Why foot pain often gets worse in the third trimester

Several biological changes collide in the final months of pregnancy, and your feet absorb most of the impact. Understanding what’s happening inside your body makes the pain make sense and points you toward solutions that actually address the root cause rather than just masking discomfort.

Your ligaments are loosening throughout your body

Your body produces a hormone called relaxin starting early in pregnancy, but its effects become most pronounced by the third trimester. Relaxin loosens the ligaments in your pelvis to prepare for delivery, but it doesn’t target only one area. It affects every joint in your body, including the ones in your feet.

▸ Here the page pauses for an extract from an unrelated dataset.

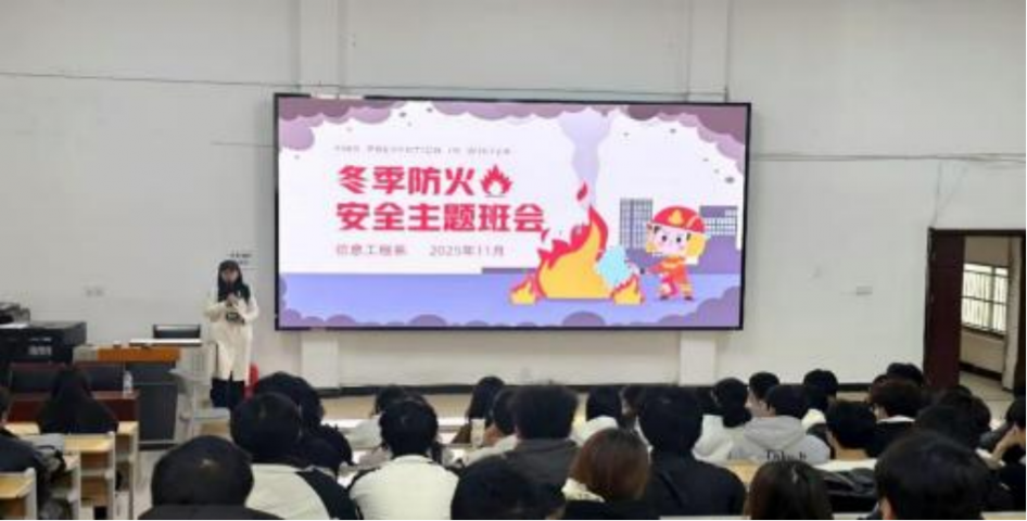 冬季天干物燥,是火灾事故的高发期,校园宿舍作为学生集中居住场所,消防安全更是重中之重。为切实强化学生的消防安全意识,提升应急处置与自救互救能力,有效防范化解冬季校园火灾风险,11 月 14 日—11 月 19 日,信息工程系组织各班级集中开展“冬季消防安全 ”主题班会,为学生送上了一堂干货满满的消防安全“必修课 ”。

When the ligaments that normally hold your arch structure in place become lax, your foot can flatten and spread with each step, straining tissue that wasn’t designed to work that way.

Many patients are surprised to find their foot size permanently increases by a half size or more after pregnancy, which is a direct result of this ligament loosening.

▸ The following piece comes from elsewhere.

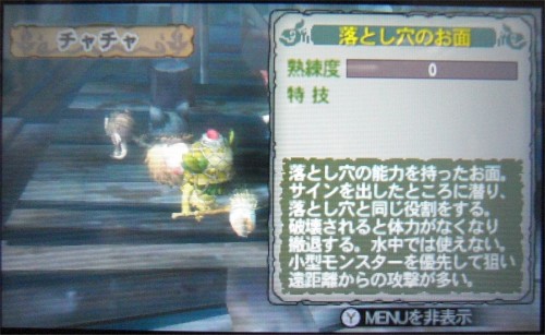 その素材で納品依頼をクリアして新しいお面「落とし穴のお面」をゲット。

Your weight and center of gravity have shifted

By the third trimester, most women have gained 25 to 35 pounds compared to pre-pregnancy weight, and that number is concentrated at the front of your body. Your center of gravity shifts forward, which changes the way you walk and distributes more pressure across the heel and ball of your foot than normal biomechanics would. Over weeks and months, that added load wears on tendons, fascia, and joints that were already working harder due to hormonal changes.

Fluid retention builds pressure in your feet and ankles

Swelling is one of the most common complaints tied to foot pain third trimester, and it has a straightforward cause. Your blood volume nearly doubles during pregnancy, and your growing uterus puts pressure on the large veins that return blood from your lower body. Fluid pools in your feet and ankles, especially after standing or sitting for long periods, which stretches tissue and creates an aching, heavy sensation that worsens as the day goes on.

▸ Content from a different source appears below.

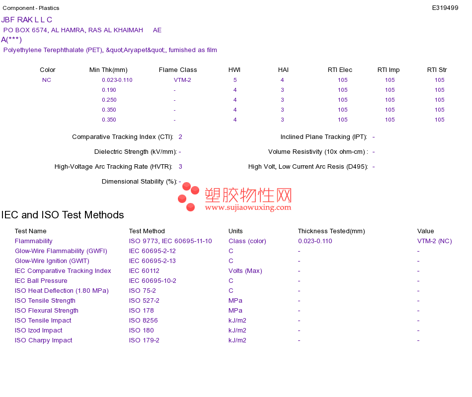 Polyethylene Terephthalate (PET) A(***)UL黄卡资料请登陆会员后查看,如需电子档资料,请联系客服! 赵生:手机13424755533;QQ:27660005

Common third-trimester foot pain patterns and causes

Not all foot pain third trimester feels the same, and the location of your pain is usually a reliable clue to what’s causing it. Identifying your specific pattern helps you choose the right relief strategy instead of guessing.

Common third-trimester foot pain patterns and causes

Plantar fasciitis and heel pain

The plantar fascia is a thick band of tissue that runs along the bottom of your foot from your heel to your toes. When relaxin loosens your arch and added weight increases the load on that tissue, small tears and inflammation develop. You’ll typically feel a sharp, stabbing pain in your heel, especially with your first steps in the morning or after sitting for a while.

Plantar fasciitis is the most common cause of heel pain in pregnant patients and often responds well to targeted stretching and supportive footwear.

Arch pain and overpronation

As your ligaments loosen and your foot spreads, your arch may drop lower than it normally would. This causes your foot to roll inward with each step, a pattern called overpronation. The result is a deep aching or burning pain along the inside of your arch that worsens after long periods of standing or walking.

Swelling-related forefoot pain

Fluid retention doesn’t just cause general puffiness. When excess fluid concentrates in the ball of your foot, it creates pressure on the nerves and joints between your toes. You may notice a burning or tingling sensation at the front of your foot that builds throughout the day.

Safe at-home relief for third-trimester foot pain

Managing foot pain third trimester doesn’t always require a clinic visit. Several simple, consistent strategies can significantly reduce your daily discomfort without any risk to you or your baby.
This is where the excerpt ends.